Deberíamos aplicar cura personalis a la innovación. Elevar a la gente es pensar más allá de cómo una aplicación resuelve una tarea o cómo un nuevo dispositivo médico ayudará a una parte del cuerpo. Una ética ignaciana nos pide también que consideremos cómo el avance afecta la seguridad física y económica de las personas. Si fomenta o no un estilo de vida saludable, si puede nutrir su vida espiritual y de qué modo impactará, tanto a los entornos inmediatos como a los más amplios.

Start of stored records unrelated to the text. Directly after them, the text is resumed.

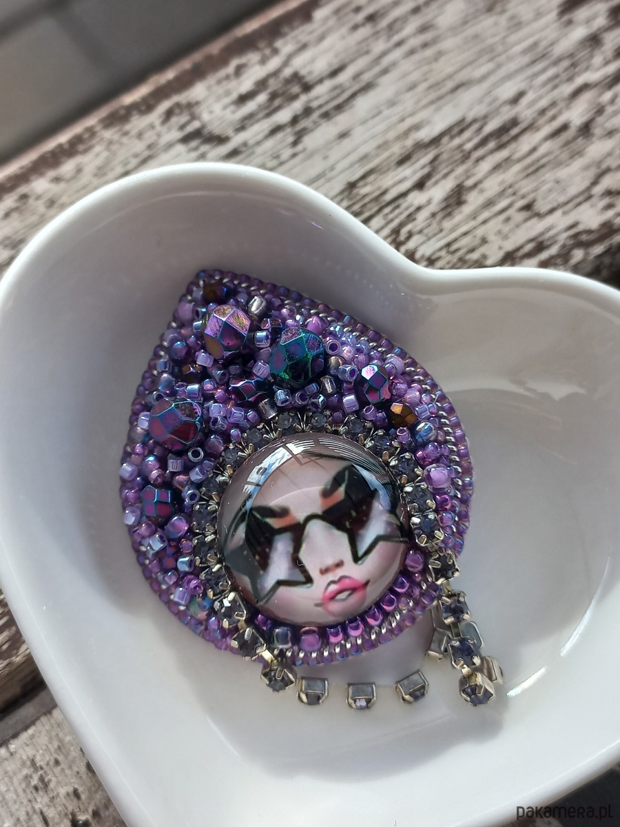 Niepowtarzalna, ręcznie szyta broszka, wykonana metodą haftu koralikowego - Matrioszka w ozdobnym czepcu. Każdy koralik wyszywany jest pojedynczo, dzięki czemu ozdoba jest unikatowa i wyjątkowa. Broszka ma wielkość około 4,5 cm długości i około 3,5 cm szerokości, wykończenia stalowe w kolorze srebrnym, zapięcie typu agrafka. Od spodu podszyta jest filcem.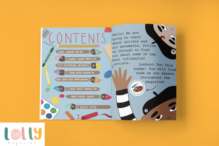 My name is Molly Port and I am an illustrator based in Rugby, UK. You can find me on social media with the handle "mollyillustrations" where I regularly update my pages with current artwork and projects I am working on. I have spent the past couple of years trying to find my style and have now succeeded finding that my passion lies within children's editorial For my final major project, I decided to create a children's magazine. I wanted to fully illustrate a magazine to educate children on artists and different art movements, making a fun learning journey. I love using bright colours and making illustrations as visually interesting as possible and by creating this magazine, I was able to do that! Children's editorial is full of colour, fun and positivity, exactly what I want my artworks to portray. Alongside children's editorial, I am an educator with a passion for teaching. I hope to encourage other young creatives to explore careers in art and keep up with their creative sides. If you would like to see my full Final Major Project, you can view it here https://issuu.com/mollyillustrations/docs/magfinal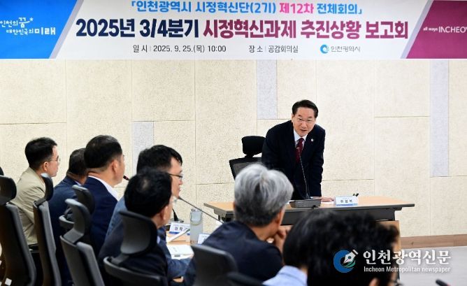 [인천광역신문] 최예준 기자 | 인천광역시는 9월 25일 시청 공감회의실에서 ‘2025년 3/4분기 시정혁신과제 추진상황 보고회’를 개최했다고 밝혔다.

Estas consideraciones componen un sano discernimiento sobre la innovación. Sí, el progreso innovador nos pide que pensemos de manera diferente. Que desarmemos la manera en que están ensambladas las cosas actualmente. Pero debemos hacerlo sólo después de haber discernido cuidadosamente si nuestro fin es noble. Guiados por nuestros valores compartidos, como San Ignacio, podemos mirar a un mundo que cambia rápidamente con gran esperanza y anticipación. Podemos saber que la innovación puede ser para bien si se mueve no sólo rápido sino también concienzudamente y si promueve y eleva a las personas, en lugar de simplemente ‘romper cosas’.
*Este texto es una adaptación del discurso pronunciado por Kevin O’Brien S.J., durante la Global Jesuit Business Ethics Conference, el 12 de julio de 2019, en la Universidad de Santa Clara. Fue publicado por America, el 31/07/2019 (la traducción es nuestra).